Touchstone Service Original Spec

Source: Notion | Last edited: 2025-01-21 | ID: 786c98b2-0a6...


See EI-1050 for a description of the system’s goals and basic flow.

A note regarding scope: while the immediate motivation for this work is the testing of feature sets or model structures, we are essentially proposing a configurable automated model training environment in the cloud.

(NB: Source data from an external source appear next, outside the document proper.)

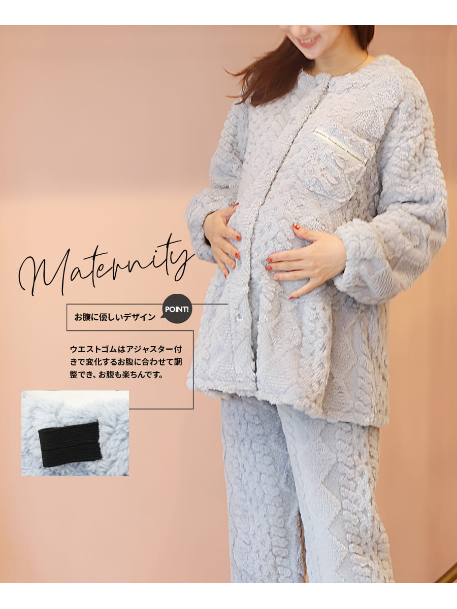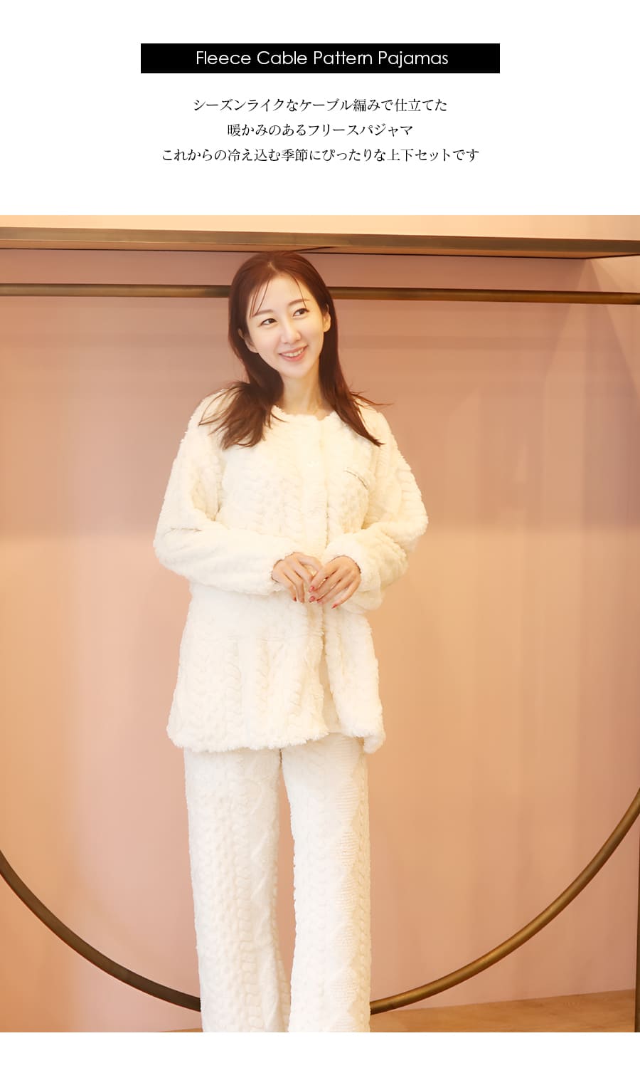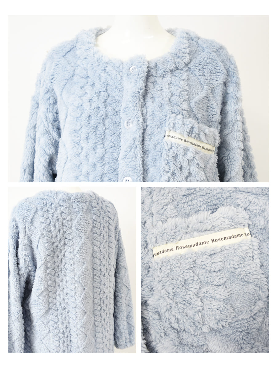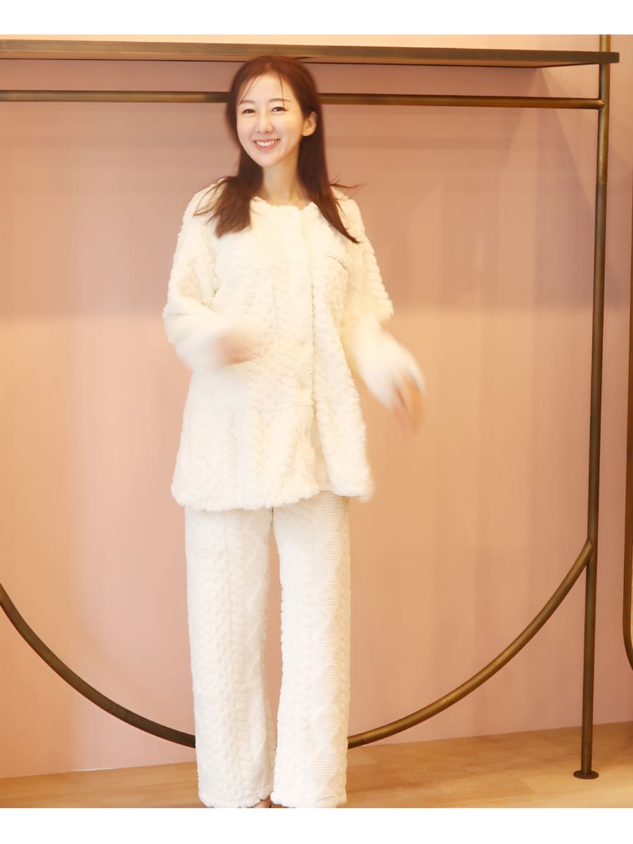 ニュアンスのあるケーブル編みが魅力のフリースパジャマ上下セットです。
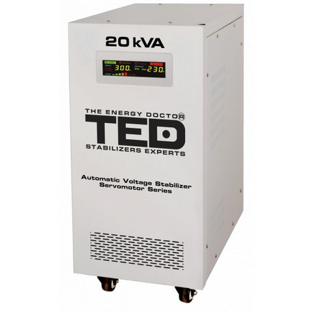 Stabilizatorul de tensiune monofazat TED 20KSVC utilizeaza tehnologia avansata cu servomotor pentru a oferi o reglare precisa a tensiunii electrice. Acest model este conceput pentru functionare in dublu sens, fiind o solutie ideala pentru sistemele fotovoltaice. Dispozitivul ajuta la diminuarea cazurilor in care invertoarele se opresc sau intra in protectie din cauza tensiunilor marite din reteaua furnizorului, asigurand stabilitatea necesara productiei de energie.
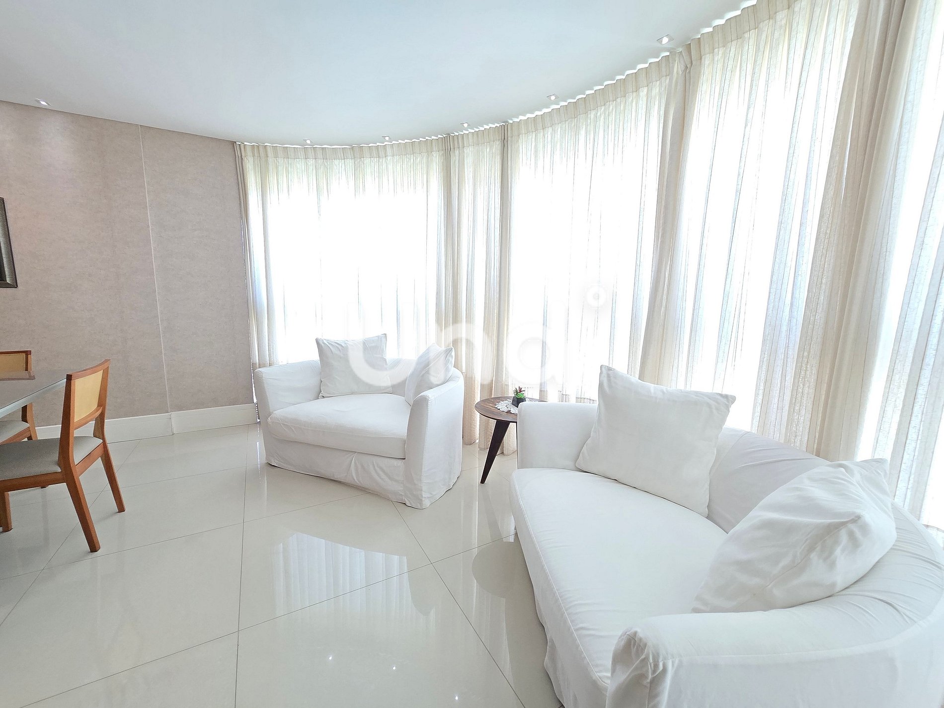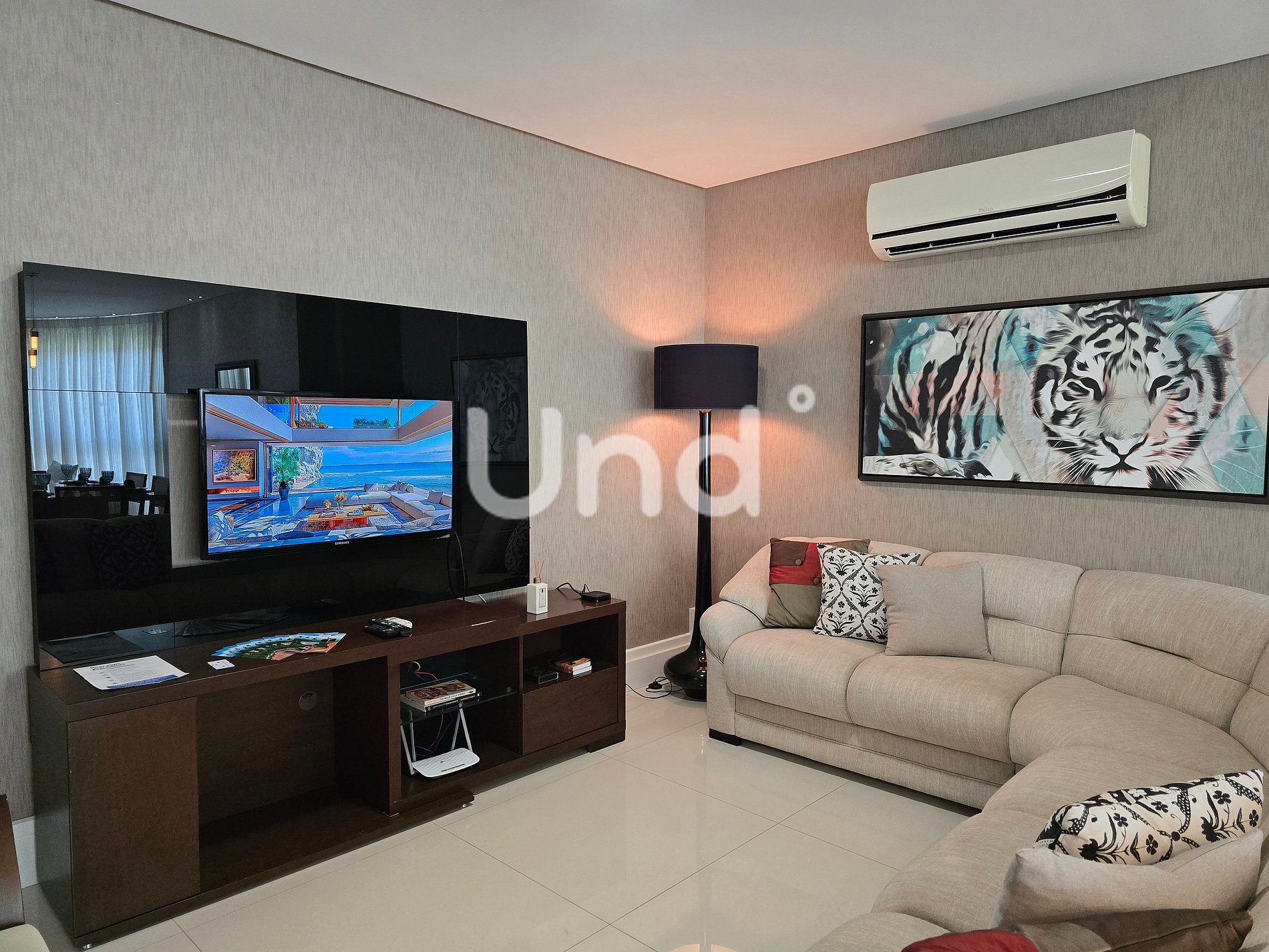 Sala de estar: Sofá, poltronas e ar-condicionado (18.000 BTUs).

  • We’ll need the following enhancements to the training logic:
    • Ability to train one model and exit. Currently it assumes “continuous training”.
    • Ability to upload its results to permanent storage (S3).
    • Ability to load a pluggable module given its path or name
    • Ability to override any part of the configuration file at invocation time (implementation note: this can also be done by writing a temporary configuration file per run and pointing el-nigma to it).
    • A way to query a training job for liveliness and progress status.
    • A way to immediately abort and clean up a training task.
  • Add a table TouchstoneSubmissions which stores metadata about module submissions:
    • System (feature_set, model_structure, …)
    • Submission ID
    • Submitting user
    • Identifier of the submitted content in storage (Amplify Storage, backed by S3)
    • Configuration parameters updated by our engineer:
      • Prediction intervals and other command-line parameters
      • Configuration overrides
      • Resource requirements
      • Baseline model used for comparisons
    • Status: submitted, accepted, rejected, queued, running, success, error
    • Queue position (for queued submissions)
    • Training result:
      • Performance score
      • Similarity score vs. our baseline
      • Links to charts
    • Timestamps:
      • Submission created
      • Submission sent to job queue
      • Submission evaluation ended
  • Add a table TouchstoneTasks which stores runtime information per training task:
    • Task ID
    • Submission ID that created the task
    • Current status: queued, running, success, error
    • Cloud resource identifier (e.g. instance ID)
    • Job start timestamp
    • Progress metrics;
      • Percent done estimate
      • Estimated time to finish
  • Existing post-train results table:
    • Details model results (drawdown, etc) are saved to this table as usual.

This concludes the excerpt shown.